Work to complete = Exactly as written, please set down all of the entries again, with no pictures.
Start of Block
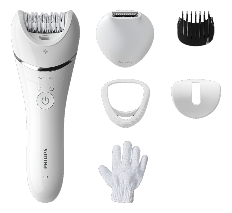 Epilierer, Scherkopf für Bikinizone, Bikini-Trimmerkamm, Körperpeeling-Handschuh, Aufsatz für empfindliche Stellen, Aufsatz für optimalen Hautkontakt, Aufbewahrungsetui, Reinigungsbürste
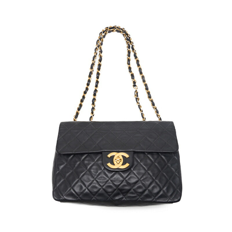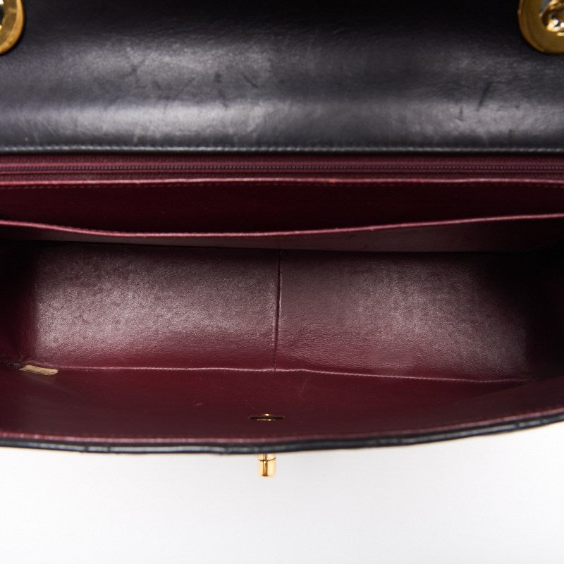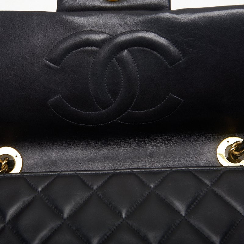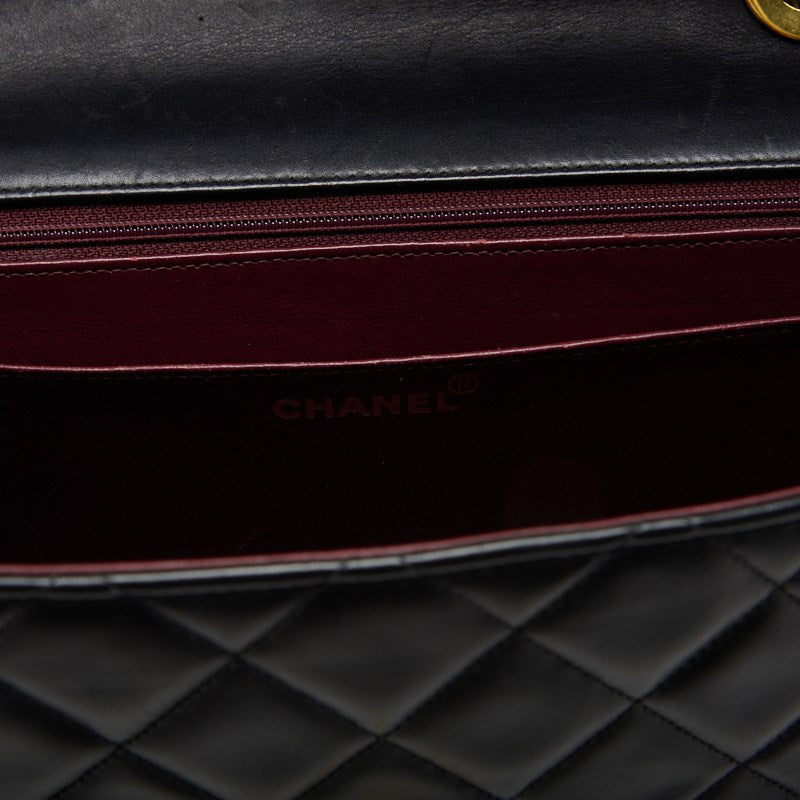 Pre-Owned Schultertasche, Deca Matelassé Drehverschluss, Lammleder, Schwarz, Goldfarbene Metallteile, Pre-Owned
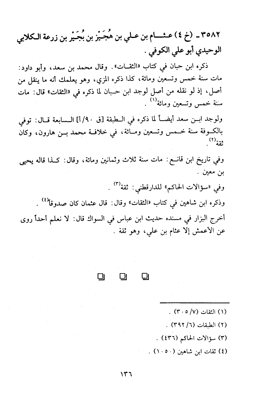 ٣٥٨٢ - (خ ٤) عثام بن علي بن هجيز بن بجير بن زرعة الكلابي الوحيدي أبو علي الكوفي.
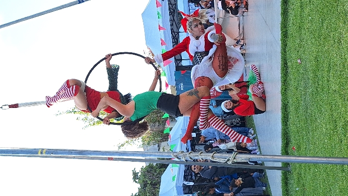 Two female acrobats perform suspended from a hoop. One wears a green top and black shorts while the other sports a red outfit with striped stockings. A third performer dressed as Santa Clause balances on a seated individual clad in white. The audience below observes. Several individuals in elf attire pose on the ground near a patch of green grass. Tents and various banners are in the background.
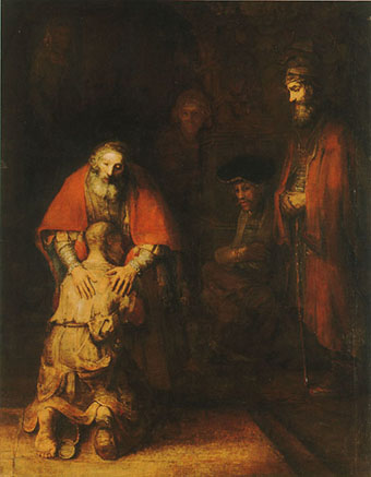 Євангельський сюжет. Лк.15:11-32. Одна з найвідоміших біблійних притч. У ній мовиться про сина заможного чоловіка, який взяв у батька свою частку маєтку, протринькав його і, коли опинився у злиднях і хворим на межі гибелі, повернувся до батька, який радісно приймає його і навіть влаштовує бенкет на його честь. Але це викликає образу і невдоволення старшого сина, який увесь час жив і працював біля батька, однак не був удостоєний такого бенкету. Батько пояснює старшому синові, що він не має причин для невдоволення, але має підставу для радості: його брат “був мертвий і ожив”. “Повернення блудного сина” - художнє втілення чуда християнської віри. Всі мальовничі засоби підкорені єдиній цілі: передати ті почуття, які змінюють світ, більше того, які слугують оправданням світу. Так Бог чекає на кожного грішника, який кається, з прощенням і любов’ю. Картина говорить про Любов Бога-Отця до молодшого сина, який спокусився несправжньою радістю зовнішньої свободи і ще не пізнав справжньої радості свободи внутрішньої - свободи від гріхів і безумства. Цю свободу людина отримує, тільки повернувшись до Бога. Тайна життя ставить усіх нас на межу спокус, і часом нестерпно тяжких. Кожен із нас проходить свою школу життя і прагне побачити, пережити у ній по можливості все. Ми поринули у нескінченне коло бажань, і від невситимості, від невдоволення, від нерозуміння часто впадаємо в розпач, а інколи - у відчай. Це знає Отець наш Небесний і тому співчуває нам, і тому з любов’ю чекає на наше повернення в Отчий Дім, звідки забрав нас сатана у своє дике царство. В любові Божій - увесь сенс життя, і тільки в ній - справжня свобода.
End of Block
Answer space =
 Epilierer, Scherkopf für Bikinizone, Bikini-Trimmerkamm, Körperpeeling-Handschuh, Aufsatz für empfindliche Stellen, Aufsatz für optimalen Hautkontakt, Aufbewahrungsetui, Reinigungsbürste
 Pre-Owned Schultertasche, Deca Matelassé Drehverschluss, Lammleder, Schwarz, Goldfarbene Metallteile, Pre-Owned
 ٣٥٨٢ - (خ ٤) عثام بن علي بن هجيز بن بجير بن زرعة الكلابي الوحيدي أبو علي الكوفي.
 Two female acrobats perform suspended from a hoop. One wears a green top and black shorts while the other sports a red outfit with striped stockings. A third performer dressed as Santa Clause balances on a seated individual clad in white. The audience below observes. Several individuals in elf attire pose on the ground near a patch of green grass. Tents and various banners are in the background.
 Євангельський сюжет. Лк.15:11-32. Одна з найвідоміших біблійних притч. У ній мовиться про сина заможного чоловіка, який взяв у батька свою частку маєтку, протринькав його і, коли опинився у злиднях і хворим на межі гибелі, повернувся до батька, який радісно приймає його і навіть влаштовує бенкет на його честь. Але це викликає образу і невдоволення старшого сина, який увесь час жив і працював біля батька, однак не був удостоєний такого бенкету. Батько пояснює старшому синові, що він не має причин для невдоволення, але має підставу для радості: його брат “був мертвий і ожив”. “Повернення блудного сина” - художнє втілення чуда християнської віри. Всі мальовничі засоби підкорені єдиній цілі: передати ті почуття, які змінюють світ, більше того, які слугують оправданням світу. Так Бог чекає на кожного грішника, який кається, з прощенням і любов’ю. Картина говорить про Любов Бога-Отця до молодшого сина, який спокусився несправжньою радістю зовнішньої свободи і ще не пізнав справжньої радості свободи внутрішньої - свободи від гріхів і безумства. Цю свободу людина отримує, тільки повернувшись до Бога. Тайна життя ставить усіх нас на межу спокус, і часом нестерпно тяжких. Кожен із нас проходить свою школу життя і прагне побачити, пережити у ній по можливості все. Ми поринули у нескінченне коло бажань, і від невситимості, від невдоволення, від нерозуміння часто впадаємо в розпач, а інколи - у відчай. Це знає Отець наш Небесний і тому співчуває нам, і тому з любов’ю чекає на наше повернення в Отчий Дім, звідки забрав нас сатана у своє дике царство. В любові Божій - увесь сенс життя, і тільки в ній - справжня свобода.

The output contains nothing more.